══ INPUT FOR THIS TASK ══
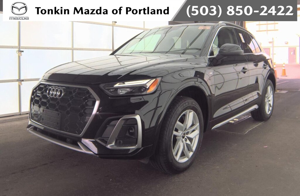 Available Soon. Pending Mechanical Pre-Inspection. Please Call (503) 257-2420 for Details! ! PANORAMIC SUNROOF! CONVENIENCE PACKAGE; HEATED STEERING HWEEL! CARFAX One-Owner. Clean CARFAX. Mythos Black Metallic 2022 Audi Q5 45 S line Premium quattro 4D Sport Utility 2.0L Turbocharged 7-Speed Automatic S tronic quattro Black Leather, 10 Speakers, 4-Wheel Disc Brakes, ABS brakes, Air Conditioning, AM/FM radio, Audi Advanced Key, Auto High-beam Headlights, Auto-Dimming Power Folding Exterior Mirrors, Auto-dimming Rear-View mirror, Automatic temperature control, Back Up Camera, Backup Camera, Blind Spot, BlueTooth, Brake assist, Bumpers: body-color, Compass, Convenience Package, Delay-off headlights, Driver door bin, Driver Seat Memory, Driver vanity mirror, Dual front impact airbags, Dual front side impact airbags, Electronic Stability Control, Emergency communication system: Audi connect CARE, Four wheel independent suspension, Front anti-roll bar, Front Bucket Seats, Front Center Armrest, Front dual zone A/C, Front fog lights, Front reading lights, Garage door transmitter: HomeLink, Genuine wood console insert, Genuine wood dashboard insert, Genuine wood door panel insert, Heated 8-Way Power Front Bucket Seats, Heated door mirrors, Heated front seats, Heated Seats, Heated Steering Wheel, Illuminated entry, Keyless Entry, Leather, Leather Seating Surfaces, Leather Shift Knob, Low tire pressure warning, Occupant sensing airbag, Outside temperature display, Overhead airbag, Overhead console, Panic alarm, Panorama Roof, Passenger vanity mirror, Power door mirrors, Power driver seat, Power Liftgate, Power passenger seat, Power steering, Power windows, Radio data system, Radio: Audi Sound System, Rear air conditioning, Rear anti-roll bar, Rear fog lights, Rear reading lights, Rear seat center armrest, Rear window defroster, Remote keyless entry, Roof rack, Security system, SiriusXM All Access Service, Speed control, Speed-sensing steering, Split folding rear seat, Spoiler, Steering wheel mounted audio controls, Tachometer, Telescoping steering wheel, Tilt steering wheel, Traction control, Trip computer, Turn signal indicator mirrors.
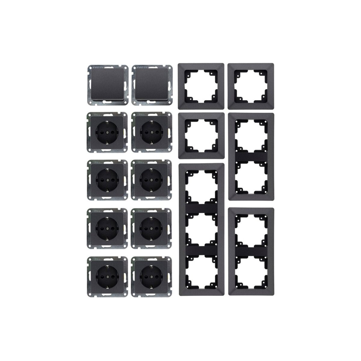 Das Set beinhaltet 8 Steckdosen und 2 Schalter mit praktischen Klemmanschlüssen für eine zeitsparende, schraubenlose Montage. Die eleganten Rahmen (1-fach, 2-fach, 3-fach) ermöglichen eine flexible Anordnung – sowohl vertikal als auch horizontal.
═══
══ INPUT FOR THIS TASK ══
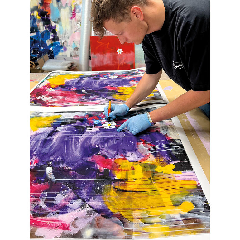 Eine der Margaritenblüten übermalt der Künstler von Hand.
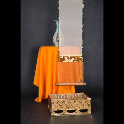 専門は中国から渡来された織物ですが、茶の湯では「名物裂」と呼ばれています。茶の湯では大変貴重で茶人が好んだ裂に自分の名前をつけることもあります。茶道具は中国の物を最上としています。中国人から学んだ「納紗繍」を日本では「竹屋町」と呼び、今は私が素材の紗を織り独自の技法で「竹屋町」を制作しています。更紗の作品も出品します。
═══
══ INPUT FOR THIS TASK ══
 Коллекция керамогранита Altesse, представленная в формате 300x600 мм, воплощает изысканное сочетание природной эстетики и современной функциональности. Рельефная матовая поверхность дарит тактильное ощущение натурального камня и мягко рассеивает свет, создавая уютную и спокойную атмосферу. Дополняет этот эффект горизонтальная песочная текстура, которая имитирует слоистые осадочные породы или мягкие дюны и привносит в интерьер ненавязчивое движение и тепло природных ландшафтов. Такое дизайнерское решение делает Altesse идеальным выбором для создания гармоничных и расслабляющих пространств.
═══
**PROBLEM STATEMENT**
From the entries above, copy exactly the lines starting at the one with "Eine der Margaritenblüten" and stopping at the one with "専門は中国から渡来された織物", keeping both ends. Drop the pictures.

**TASK RESPONSE**
 Eine der Margaritenblüten übermalt der Künstler von Hand.
 専門は中国から渡来された織物ですが、茶の湯では「名物裂」と呼ばれています。茶の湯では大変貴重で茶人が好んだ裂に自分の名前をつけることもあります。茶道具は中国の物を最上としています。中国人から学んだ「納紗繍」を日本では「竹屋町」と呼び、今は私が素材の紗を織り独自の技法で「竹屋町」を制作しています。更紗の作品も出品します。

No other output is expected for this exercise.